A more simple approach is the 5 Whys. A blunt (but effective) approach to keep asking ‘WHY’ until the true reason is unearthed, and understood.

A FPP Cheat Sheet

Broadly, applying FPP to architecture involves questing any or all significant technical decisions to get to the ‘Why’.

To get you started, here are a collection of questions that cover general business, operational and development needs.

  • What are the main assumptions I’m making about the business need?
  • Should any of these assumptions be challenged?
  • What are the main assumptions I’m making about the development process?
  • What is the operational environment and the way the software will be managed?
  • What is the longevity of the solution
  • What is the necessary flexibility of the solution?

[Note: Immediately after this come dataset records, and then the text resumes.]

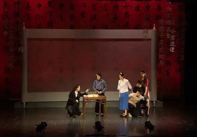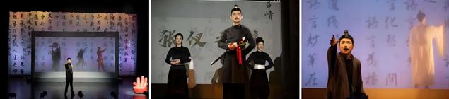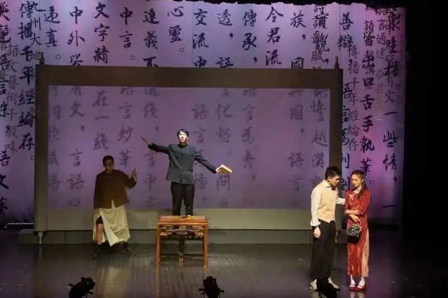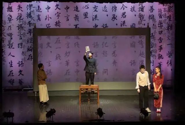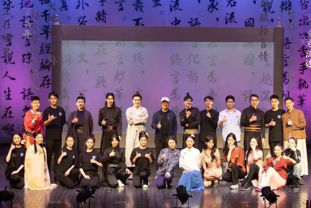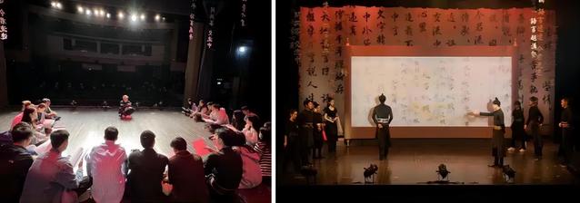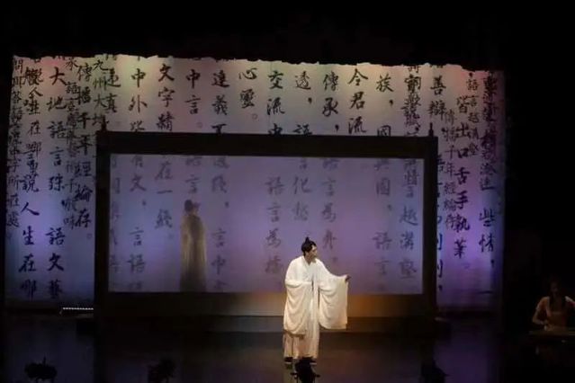 《语宙》在演出形式上以语言的魅力体现古今融汇、人机融合、历史与未来交融。悬挂在舞台上空的每句诗词均为由人工智能工具ChatGPT所写。舞台中央的巨大卷轴,为演出又增添了几分文化感与厚重感。卷轴中央播放动画结合视频片段,体现了上戏77779193永利以“影视+戏剧”的创作特色,力求使汇报有新意、有特色、有生机。在内容上,全剧从语言文字的产生与发展,到以语言为利剑的辩论,再到白话文的推广使用,并聚焦网络流行语现状,四个风格各异的片段是守正与创新的碰撞,同时也为观众提供了深刻的思考和启示:若通古今之变,必通其变之因。19主持的全体同学完成了各个部分的剧本创作。舞美、灯光、服化、作曲、摄制、多媒体等各专业的同学在课业之余担任了演出的各项幕后工作。
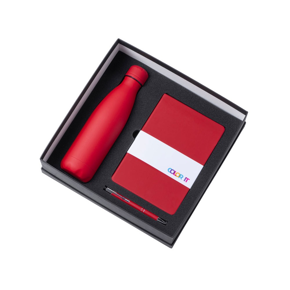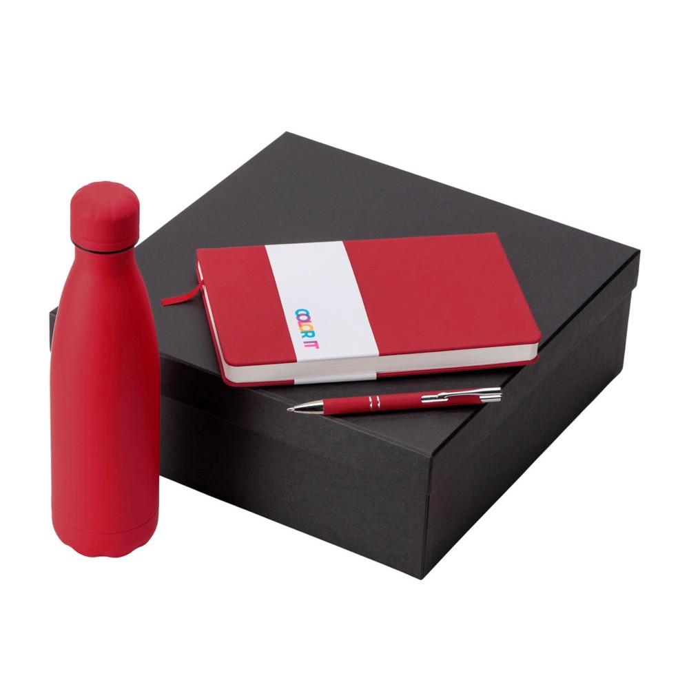 • Подарочный набор с блокнотом С3, металлической ручкой и термобутылкой, красный
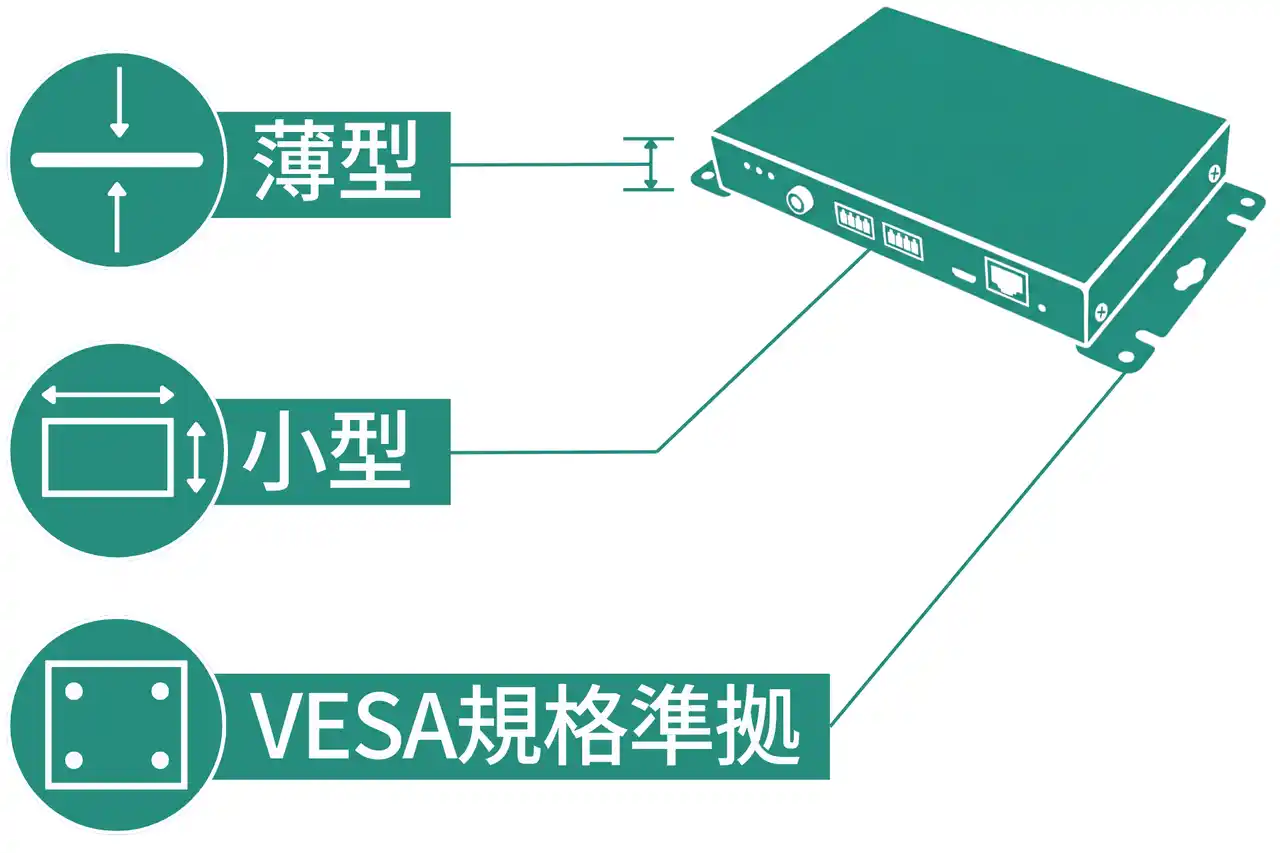 筐体サイズが薄型・小型設計のため、設置が容易です。オプションのブラケットはVESA規格に準拠しており、ネジ留めで装置などへの組込みが可能です。 |
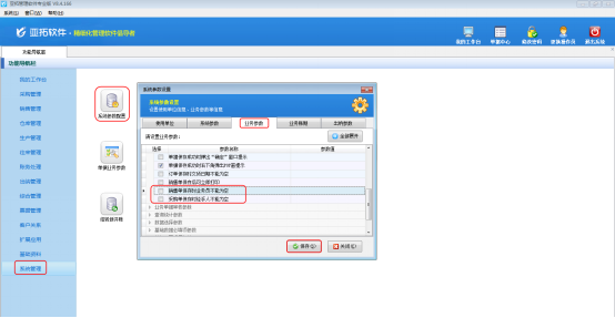 在功能導(dǎo)航窗中點(diǎn)擊“系統(tǒng)管理”—》“系統(tǒng)參數(shù)配置”,即可進(jìn)入“系統(tǒng)參數(shù)設(shè)置”界面,點(diǎn)擊“業(yè)務(wù)參數(shù)”,如圖2所示,在業(yè)務(wù)單據(jù)保存參數(shù)內(nèi)找到“銷(xiāo)售單保存時(shí)業(yè)務(wù)員不能為空”參數(shù),把這個(gè)參數(shù)的勾選去掉,然后保存。
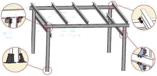 Classic bolted connections are removable but challenging to reconfigure, primarily because the beams commonly have welded end plates, usually with brackets and drills that make them impossible to reconfigure. Currently, solutions with removable brackets allow for a greater level of reconfiguration, but it is always necessary to drill the beams and columns (Figure 6). Therefore, this type of connection, while allowing for a certain degree of reconfiguration, does not allow for total reconfiguration and is more expensive than the classic bolted solution. Several research works have also been carried out on this type of connection, such as those by Reinosa et al. [], Abar et al. [], and Abar et al. [].
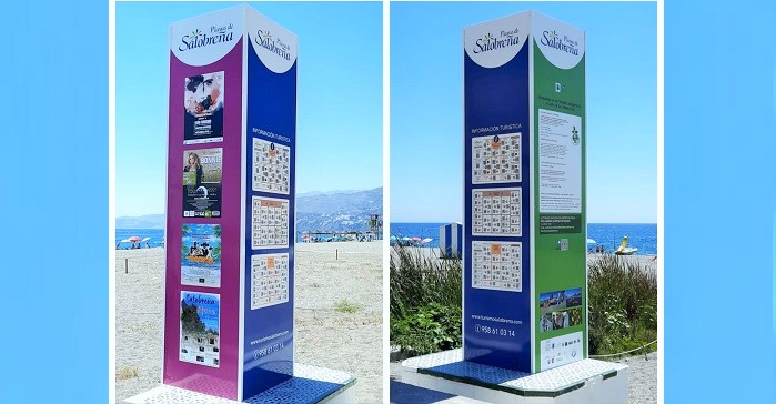 El área de Turismo del Ayuntamiento de Salobreña ha dado una nueva vida a unos monolitos colocándolos en la playa con información turística, de ocio y con las actividades culturales que se celebran en el municipio.

And some specific examples related to common front-end, backend and APIs and platform decisions.

  • Do I really need a front-end framework?
  • Is a Monolith really that bad?
  • Do we need a CMS at all?
  • Do we even need a database?
  • Is the benefits of serverless really needed here?
  • Is ‘Headless’ really the best architecture for my CMS?
  • Are Micro-frontends worth the headache?
  • What do we mean by hybrid architecture?
  • Will we have enough data to get benefit out of a big data analytics pipeline?

The questions above are examples of interrogators against common analogous decisions made. There are many more examples and I’d be interested to hear of more, or of experiences where analogous thinking has led you down a thorny path.

We’ve all undoubtedly made choices without really digging into to the why, but with conscious effort to apply FPT, at the very least your decisions will be validated and, at best, help you will avoid (and to round off with a final analogy) getting tangled in a paralyzing web of complexity.